Com as panturrilhas queimando, dedos pulsando e coração no peito, Dufton subia, agarrando-se a pequenos apoios e encaixando suas pernas em fendas para subir a parede íngreme.
Nascido com uma condição ocular degenerativa chamada distrofia de cones e bastonetes, Dufton é cego, capaz de ver não mais que um “monte de luzes piscando” se colocasse sua própria mão na frente do rosto.
Mas isso não significa que ele não estivesse ciente de quão alto estava escalando livremente no imponente El Matador, na apropriadamente nomeada Torre do Diabo, em Wyoming.
O “zunido” dos pássaros voando sob seus pés e as rajadas de vento abaixo dele forneciam pistas reveladoras, ele conta à CNN.
“No El Matador… eu não diria que estava completamente aterrorizado. Exausto? Sim. Aterrorizado? Não particularmente”, ele explica.

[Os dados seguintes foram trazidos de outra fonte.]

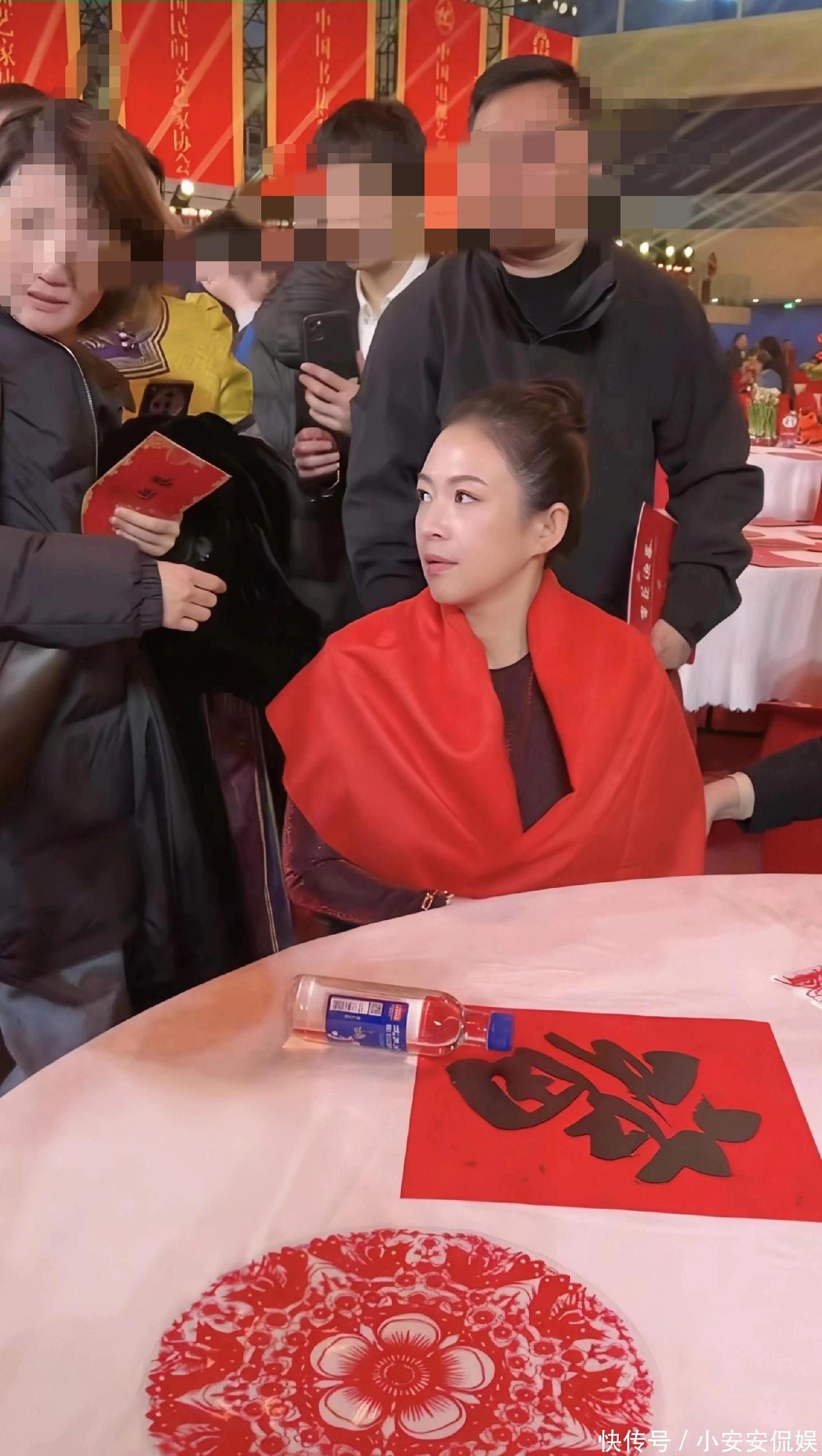 她坐在桌旁,当有人主动走过来表示想和她合照时,子怡姐马上起身,十分友好的微笑出镜。

Meu nível de medo agora está mais correlacionado à quantidade de perigo que percebo estar correndo. Se posso estar no alto, mas a escalada é fácil e tenho muito equipamento, não fico estressado. Só fico estressado quando acho que vou cair — e fico ainda mais estressado quando o equipamento não está bom.
Jesse Dufton, alpinista cego
Embora tenha começado a escalar aos dois anos com seu pai, aos 11, Dufton tinha apenas 20% de sua visão. Sua visão piorou progressivamente, e agora aos 39 anos, Dufton só tem percepção de luz.
Ele escalou o famoso Old Man of Hoy nas Ilhas Orkney, da Escócia, e também se tornou o primeiro escalador cego a estabelecer uma rota multi-pitch em um penhasco de 90 metros nas montanhas do Atlas Menor, do Marrocos.
Dufton e sua esposa Molly levaram apenas um dia para escalar El Matador, subindo pelas fendas, colunas e saliências do monólito, tornando-o o primeiro escalador cego a alcançar tal feito. Sua jornada está documentada no recém-lançado filme “Climbing Blind II”, disponível através da BritRock Films.
Embora Dufton tivesse esperado fazer a rota “on-sight”, que significa escalar uma rota sem quedas e sem ter assistido outro escalador completá-la — “não é um problema para mim”, ele ri —, um escorregão e uma queda significaram que isso estava fora de questão.
Ele admite que El Matador foi “a rota mais difícil que já tentei.” Mas, em vez de deixar sua falta de visão limitá-lo, Dufton continua escalando faces rochosas impressionantes e técnicas, ele diz, como uma forma de “mostrar o dedo do meio para o destino.”
“Não quero que meu destino genético determine minhas escolhas de vida”, acrescenta.
Atravessar a rua a caminho do escritório é mais perigoso, porque não posso ver os carros. Não tenho controle sobre eles, estou literalmente apenas ouvindo-os… em um instante você pode morrer. Se você nunca assume riscos, você se condena à certeza de perder oportunidades
Jesse Dufton, alpinista cego
Dufton diz que, durante a escalada do El Matador, ele teve “várias quedas enormes”, mas ficou bem devido à preparação e métodos de mitigação.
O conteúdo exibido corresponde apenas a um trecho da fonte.